Tuesday, 28 October 2014

Dating yourself (If tired of Being Single) 

 

Its for all those people who are thinking that "I am alone & not getting best staff in life". Girls and boys you can love your self if you want. The universal truth is that if you want others to love you, you have to love yourself first.

Let me preface this piece by saying that I’m 24, I’m single, I haven’t been in love in years, and I haven’t gone on a real date in months. And I’m happy.

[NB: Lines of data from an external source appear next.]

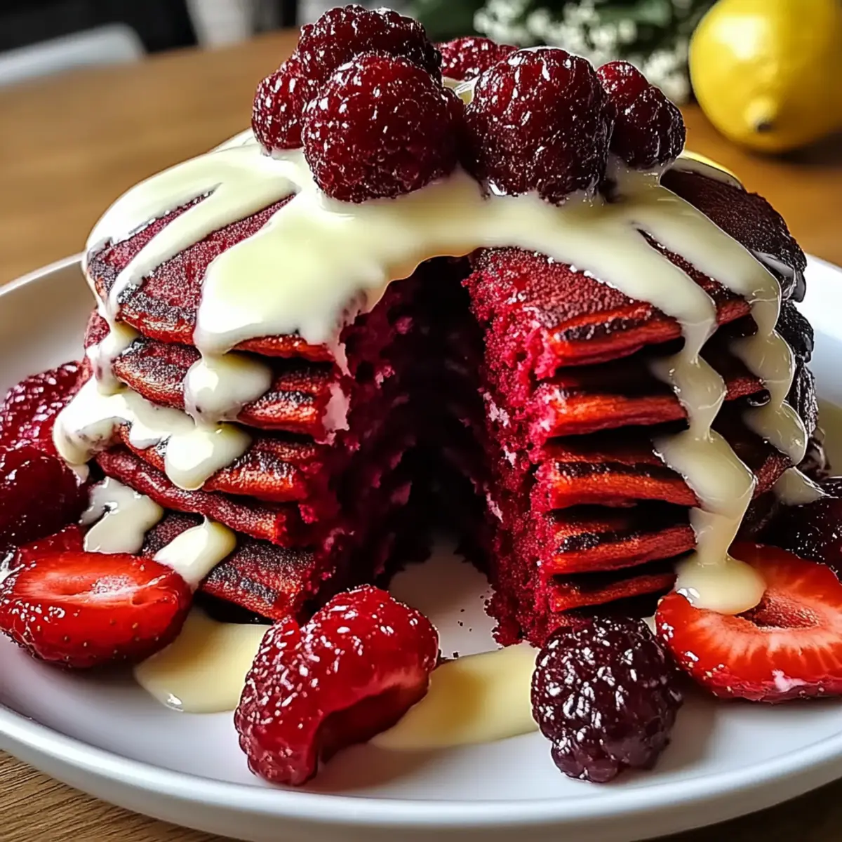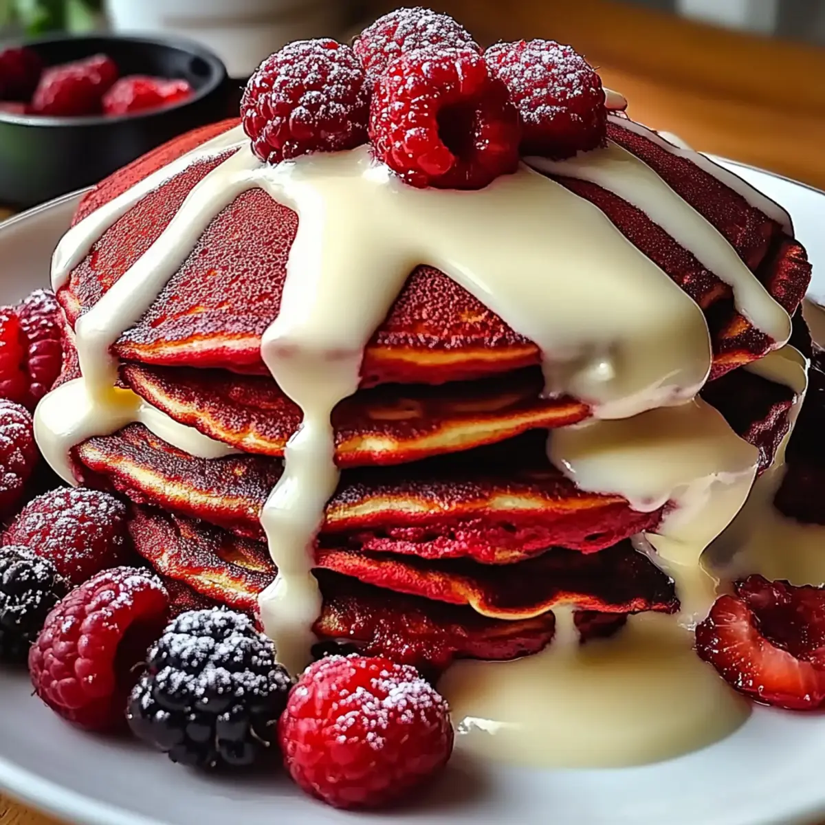 Heap the fluffy Red Velvet Pancakes onto individual plates, generously drizzling the prepared cream cheese glaze over the top. For an extra touch of indulgence, consider garnishing your pancakes with fresh berries or white chocolate shavings to elevate this delightful dish even further!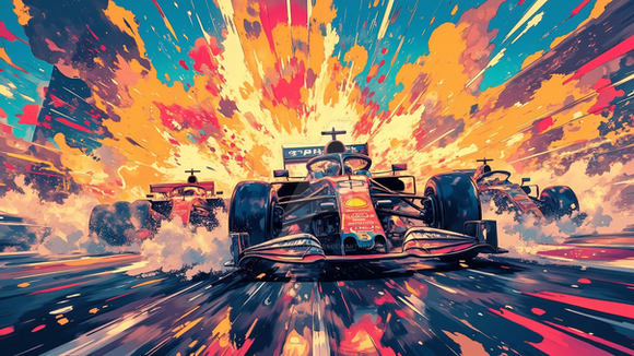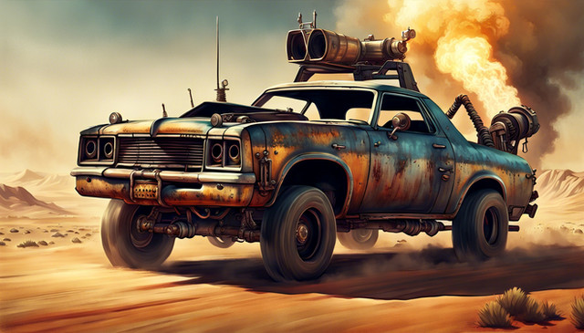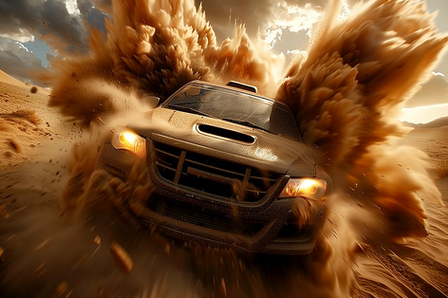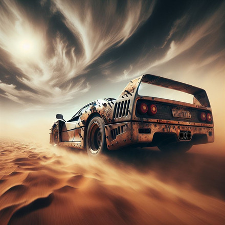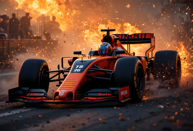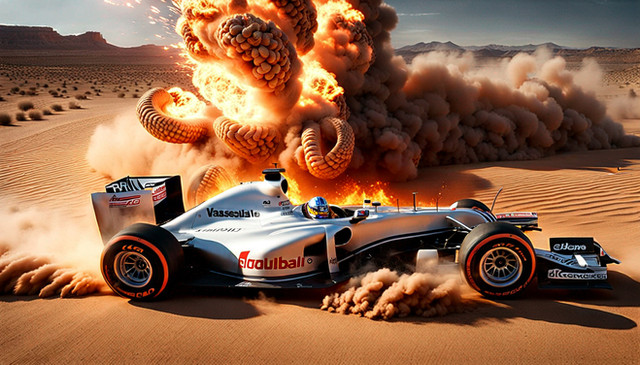 #ai #dreamup #digitalart #wallpaper #photography #car #vehicle #racing #fanart #desert #dust #explosion #race #sunset #surreal #formula_one #fire #ai_art
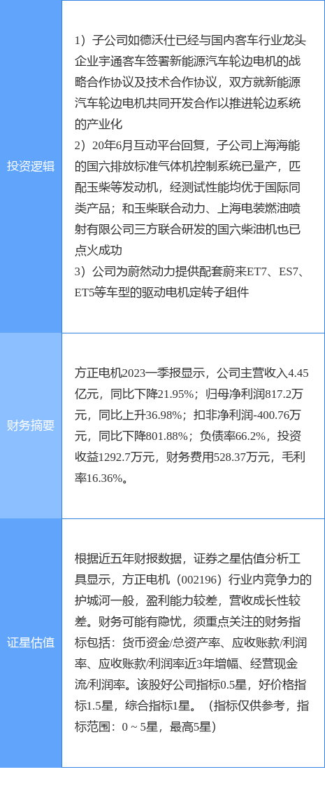 该股为轮边电机,蔚来汽车概念股,国六排放标准概念热股,当日轮边电机概念上涨0.76%,蔚来汽车概念股概念上涨0.15%。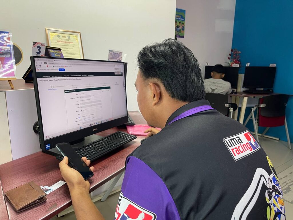 AKTIVITI : Aktiviti yang dijalankan ialah sesi bimbingan dan bantuan secara langsung oleh petugas NADI kepada pemohon dalam proses permohonan nikah melalui laman KISWA, termasuk semakan maklumat peribadi, panduan pengisian borang dalam talian, serta penerangan berkaitan senarai dan penyediaan dokumen sokongan yang diperlukan sebelum permohonan dihantar.
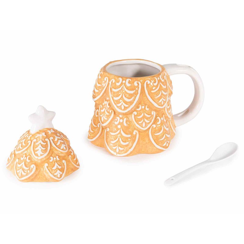 Tazza in ceramica a forma di albero di Natale con coperchio e cucchiaio, 400 ml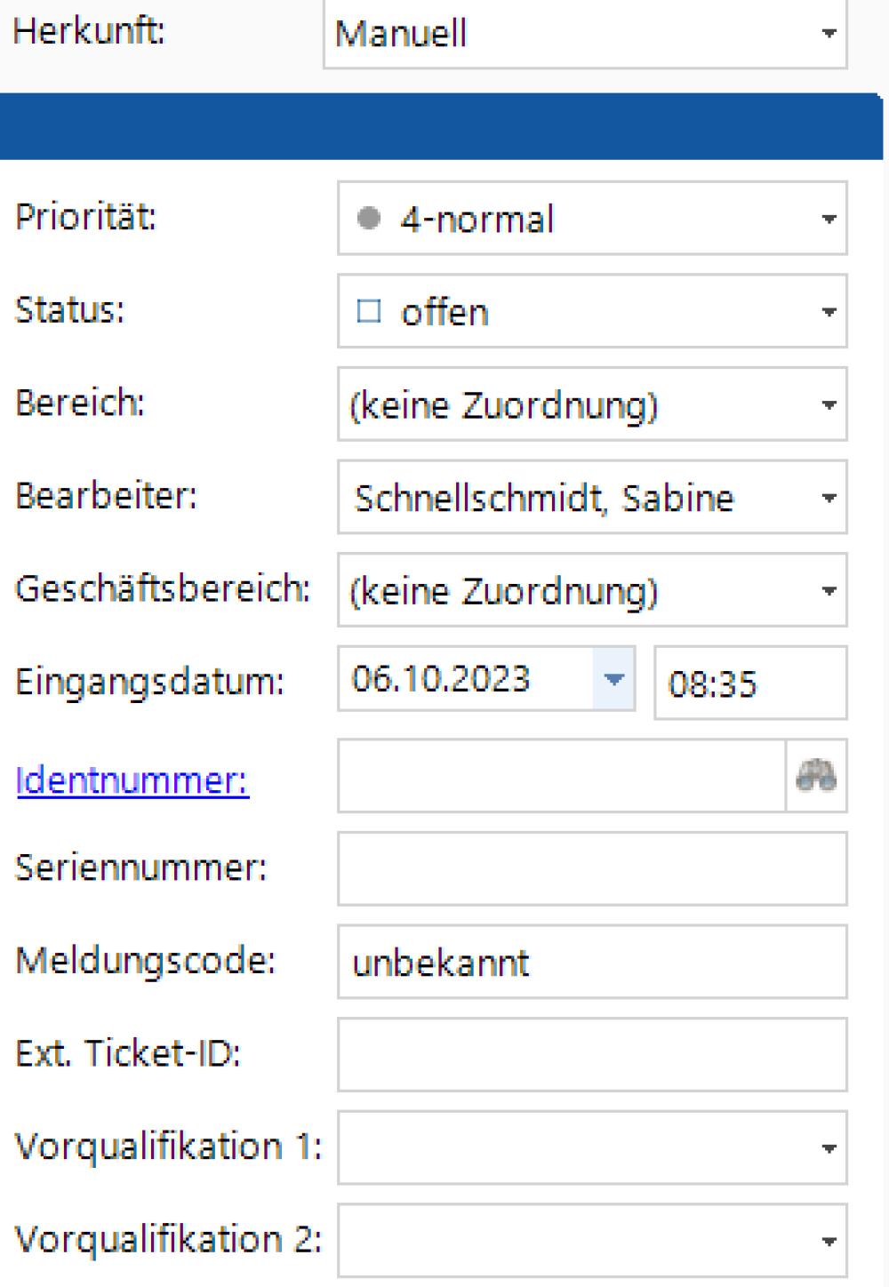 Beim Erfassen des Tickets wird eine fortlaufende Ticket-ID vergeben. Die Ticketart ist ein Pflichtfeld und wird ab der Version 7.0.5673 nicht mehr mit einem Standardwert (i.d.R. Störung) vorbesetzt, d.h. es muss bewusst die korrekte Ticketart gewählt werden. Um das erfasste Ticket weiter zu qualifizieren, wird dem Ticket die Herkunft des Tickets zugeordnet. Über den Betreff wird eine Kurzbeschreibung zum Ticket hinterlegt.

When you start dating yourself, your mindset shifts. Rather than define your own self-worth based on whether someone else swipes right at your photo or whether someone else wants to go home with you, you determine your own self-worth based on how you’re spending your time. You can commit to personal projects, set aside time for self-reflection and self-care, and discover new career aspirations. Instead of simply going through the motions, you’re in the driver’s seat of your own life.
If you’re struggling with online dating or stressing about being the only single person at your friend’s wedding, my recommendation is to spend a few weeks dating yourself

Treat yourself.

Take yourself out on your perfect date. Go out to your favorite restaurant, order exactly what you want to eat. Buy yourself a new shirt or pair of shoes. Go to the bookstore and buy a new book you’re dying to read. Take yourself to a show this weekend — music, theater, comedy — whatever you love most. Go to a movie by yourself and sit in the exact seat you want to sit in. Go on an adventure to a place you’ve never been before.

 

Take care of yourself.

Go for a run. Dance when feel happy. Meditate. Cook your favorite meal. Order delivery and eat it in bed. Wake up early and read a book that has been sitting on your shelf for months. Stay up late and watch episodes of your favorite show.

 

Create yourself.

Write a blog post or facebook status. Write a short story. Take a letterpress class. Paint. Draw. Take photos. Make a short film. Learn to code. Learn a new language.  Come up with a business idea.

 

Engage yourself.

Find a friend working on a project that interests you and see how you can get involved. Volunteer in your community. Push yourself outside your comfort zone by going solo to a happy hour, party or event that sounds fun. Start a group meet-up for an activity you love like yoga, cooking, poetry, or graphic design.
See, being single isn’t so bad. If you’re in a relationship and jealous of all the fun us single people are having because we’re dating ourselves, you should be jealous. Don’t worry, it’s not permanent.
I’m not telling you to give up dating forever. I’m not telling you to abandon your life-long goal of being an amazing parent.
I’m just saying that dating yourself for a little while might help you discover who you are and what you want. It might help you stop worrying about what other people think of you and start thinking about how you want to spend your days. It might inspire you to explore a new passion or find a new job. It might give you the time to launch the project or embark on the adventure you’ve always dreamed of.
If you’re lucky, dating yourself might even bring you closer to the person you’ve been looking for.